The Prime Minister who, or so he thought, had secured Britain’s European destiny had also, as he related in his autobiography, seen the devastation wrought by that conflict, including by shells he himself had given the order to be fired. Like Helmut Kohl, whose worshipped, conscripted older brother died pointlessly fighting for Hitler, and Francois Mitterrand, himself captured during the fall of France, his experience was real and lived, not second hand.

This can be seen even in the voting in 2016 referendum. That the young principally voted Remain and the old voted Leave has been often noted. But if you break that over-65 vote up further, there’s a substantial flip to back towards Remain amongst the oldest voters, the survivors of the survivors of World War Two. After all, someone who is 65 today was born nearly a decade after the war ended. It was their parents’ war, not their own. A war that has been appropriated, and for purposes of which those who fought in it would, collectively, not approve.

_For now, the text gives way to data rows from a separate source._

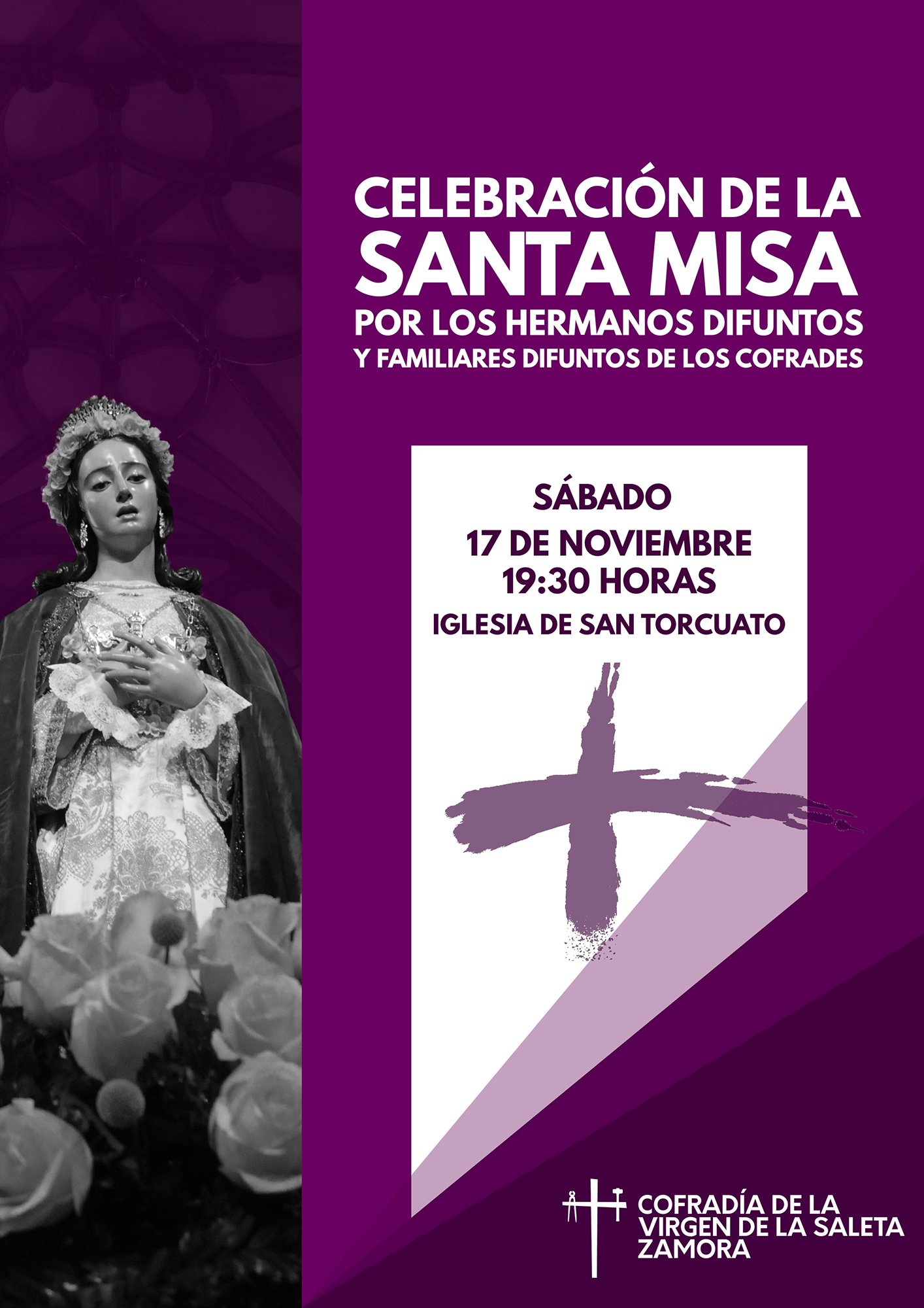 Los cofrades que hayan perdido en el último año a algún ser querido y deseen que sea nombrado expresamente en el memento de difuntos de la Misa pueden solicitarlo con antelación en el teléfono de la Cofradía (623177875) o en el correo cofradiasaletazamora@gmail.com.
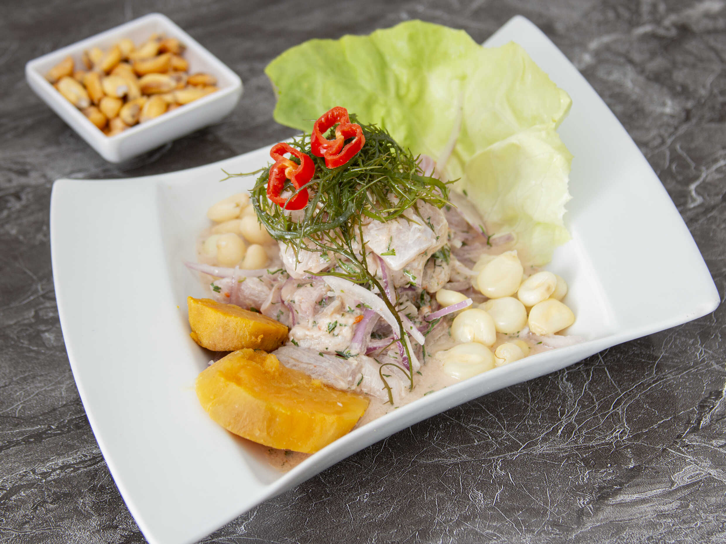 Nuestro rico ceviche de cabrilla, marinado al estilo carretillero, acompañado de camote, lechuga, choclo desgranado y canchita serrana.
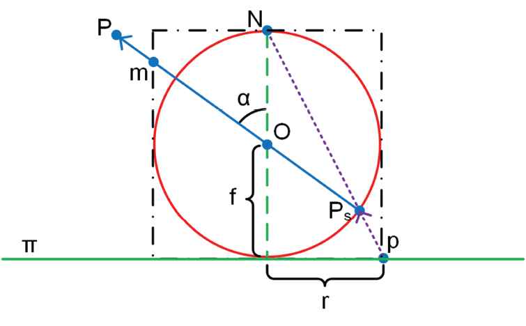 Note that the perspective projection can also be described by this procedure. In Ref. [23], the author prefers to stereographic projection rather than other alternative ones because it can represent a wider FOV while preserving a suitable range of shape properties of the projected objects, including the circularity, the local symmetry, the shape of small regions, and the angle at which two curves intersect. These properties are very useful in applications such as intelligent surveillance and automatic navigation. Thus, in this paper, the stereographic projection model is chosen for our estimation method. It is exactly the model shown in Figure 1.
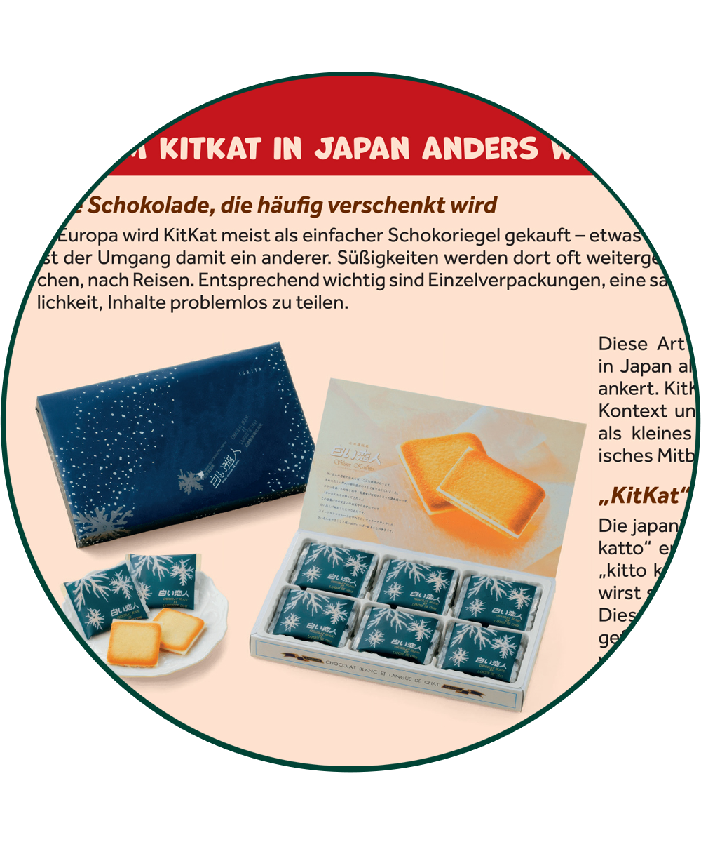 KitKat ist in Japan mehr, als nur eine einfache Süßigkeit. In der beiliegenden Broschüre lernst du Wissenswertes über regionale KitKat-Souvenirs, KitKat-Mail, besondere KitKat-Varianten und vieles mehr!
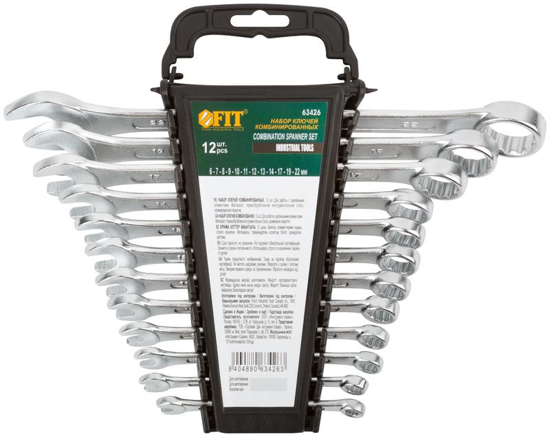 Ключи комбинированные ‘’Хард’’ FIT IT предназначены для работ с крепежными элементами. Ключи проходят процесс закалки, повышающей твердость и износостойкость ключей. Наклон рабочих частей в 15° повышает эффективность работы. Накидная часть ключа выдерживает максимальные нагрузки и наиболее эффективна при первичном откручивании и окончательном затягивании. Накидная часть с 12-гранным профилем прочно фиксируется на крепеже. Рожковая часть ключа эффективна при работе в труднодоступных местах. Эргономичная форма ключей обеспечивает надежный хват. Хромированное покрытие предотвращает коррозию. Пластиковый держатель позволяет организованно хранить ключи.
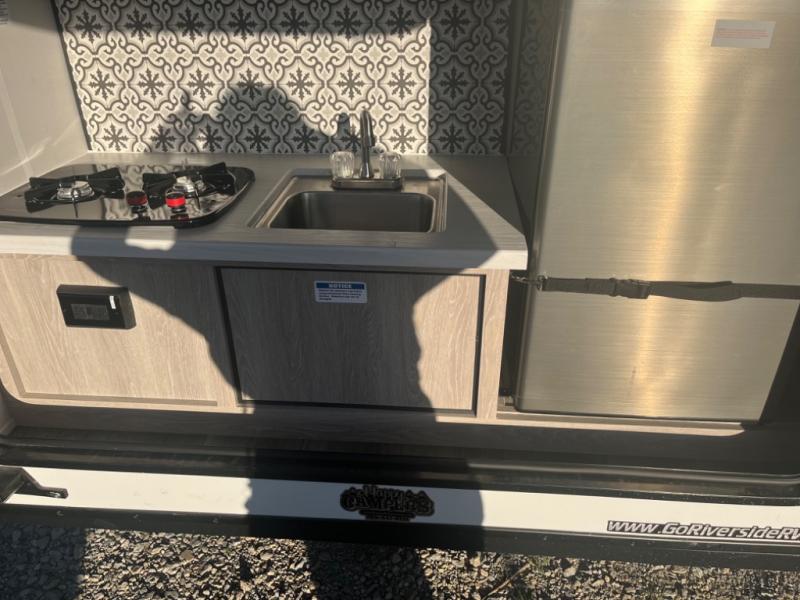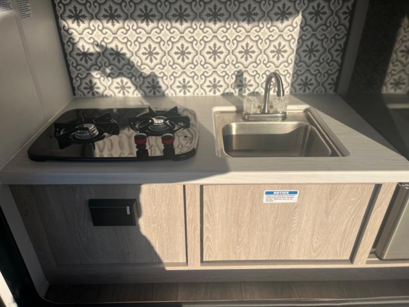 This model is perfect for first time RVers or seasoned campers alike. You won't have to sleep on the hard ground since this model includes a sofa, and your clothes can be stored in the wardrobe. There is also a shelf/front storage for additional belongings. The outside kitchen includes a two burner cooktop, a refrigerator, plus a microwave for quick meals. Get started today on your next big adventure in this lightweight travel trailer!

Let’s return to Dad’s Army, after all, BBC Two does often enough. Don’t Panic! The Dad’s Army Story (2000) a cheerful history of the sitcom great written and presented by Victoria Wood contains a telling juxtaposition of interviewees. The series' surprising continued popularity is discussed and Wendy Richard (born 1943) expresses a nostalgia for the war years, and how people banded together during them. This is a sentiment which Clive Dunn (born 1920) bluntly dismisses. “Like most people I had a foul war,” he says, and disgust and horror briefly pass across his face.

It’s the difference between those who remember war, and those who only remember war films.